(EXERCISE BRIEF): With the pictures set aside, return the lines below exactly, beginning at the first and ending at the line containing "Wolfskin狼爪25秋冬TRAILTIME男款防风防水户外徒步连帽冲锋衣外套A63903A 泥棕色/D0108 M".

(DATASET EXCERPT):
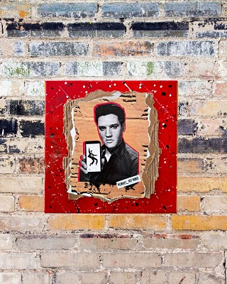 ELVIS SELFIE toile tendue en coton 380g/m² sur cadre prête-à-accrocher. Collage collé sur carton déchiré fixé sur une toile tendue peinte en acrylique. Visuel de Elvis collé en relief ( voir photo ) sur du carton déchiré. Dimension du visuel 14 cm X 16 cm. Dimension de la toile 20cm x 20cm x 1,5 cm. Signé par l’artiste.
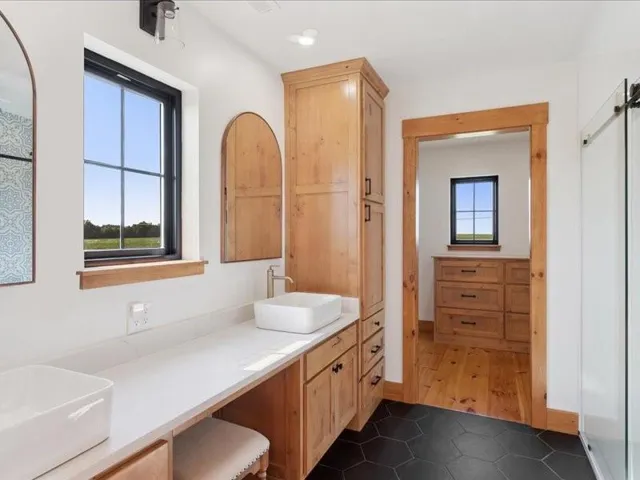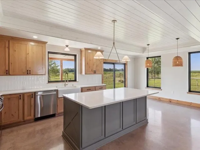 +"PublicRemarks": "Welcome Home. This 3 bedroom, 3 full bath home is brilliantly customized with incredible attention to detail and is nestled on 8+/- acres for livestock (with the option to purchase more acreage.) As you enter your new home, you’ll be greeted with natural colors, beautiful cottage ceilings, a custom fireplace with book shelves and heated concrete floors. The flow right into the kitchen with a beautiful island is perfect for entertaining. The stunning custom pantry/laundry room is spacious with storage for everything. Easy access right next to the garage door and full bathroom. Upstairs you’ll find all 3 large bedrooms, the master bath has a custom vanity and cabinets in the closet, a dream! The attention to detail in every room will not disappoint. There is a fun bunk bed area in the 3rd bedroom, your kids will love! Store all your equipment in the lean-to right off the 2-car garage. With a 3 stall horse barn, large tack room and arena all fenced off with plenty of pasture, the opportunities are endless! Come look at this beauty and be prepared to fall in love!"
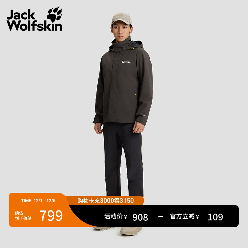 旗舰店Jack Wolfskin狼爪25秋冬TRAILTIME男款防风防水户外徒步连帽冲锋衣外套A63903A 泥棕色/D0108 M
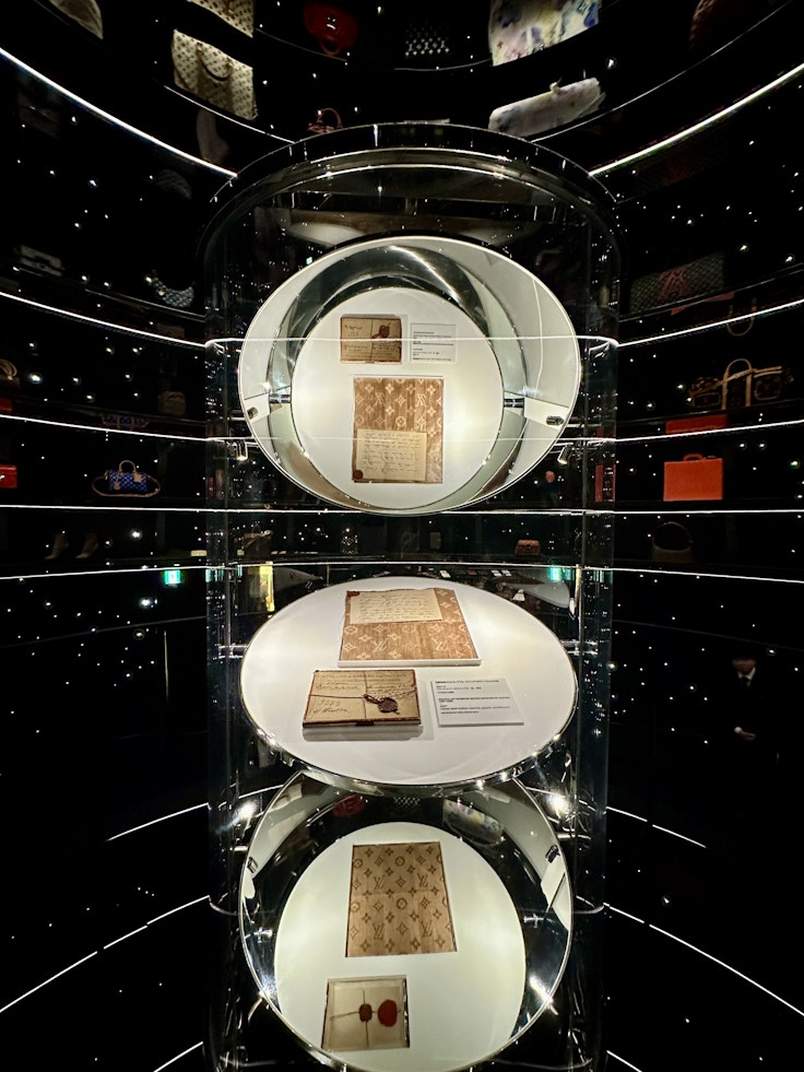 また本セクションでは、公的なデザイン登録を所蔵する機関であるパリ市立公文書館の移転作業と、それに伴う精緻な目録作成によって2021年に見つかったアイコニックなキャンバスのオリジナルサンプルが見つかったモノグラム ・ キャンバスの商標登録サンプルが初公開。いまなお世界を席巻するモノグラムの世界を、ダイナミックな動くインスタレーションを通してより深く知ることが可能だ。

(RESULT OF THE TASK):
 ELVIS SELFIE toile tendue en coton 380g/m² sur cadre prête-à-accrocher. Collage collé sur carton déchiré fixé sur une toile tendue peinte en acrylique. Visuel de Elvis collé en relief ( voir photo ) sur du carton déchiré. Dimension du visuel 14 cm X 16 cm. Dimension de la toile 20cm x 20cm x 1,5 cm. Signé par l’artiste.
 +"PublicRemarks": "Welcome Home. This 3 bedroom, 3 full bath home is brilliantly customized with incredible attention to detail and is nestled on 8+/- acres for livestock (with the option to purchase more acreage.) As you enter your new home, you’ll be greeted with natural colors, beautiful cottage ceilings, a custom fireplace with book shelves and heated concrete floors. The flow right into the kitchen with a beautiful island is perfect for entertaining. The stunning custom pantry/laundry room is spacious with storage for everything. Easy access right next to the garage door and full bathroom. Upstairs you’ll find all 3 large bedrooms, the master bath has a custom vanity and cabinets in the closet, a dream! The attention to detail in every room will not disappoint. There is a fun bunk bed area in the 3rd bedroom, your kids will love! Store all your equipment in the lean-to right off the 2-car garage. With a 3 stall horse barn, large tack room and arena all fenced off with plenty of pasture, the opportunities are endless! Come look at this beauty and be prepared to fall in love!"
 旗舰店Jack Wolfskin狼爪25秋冬TRAILTIME男款防风防水户外徒步连帽冲锋衣外套A63903A 泥棕色/D0108 M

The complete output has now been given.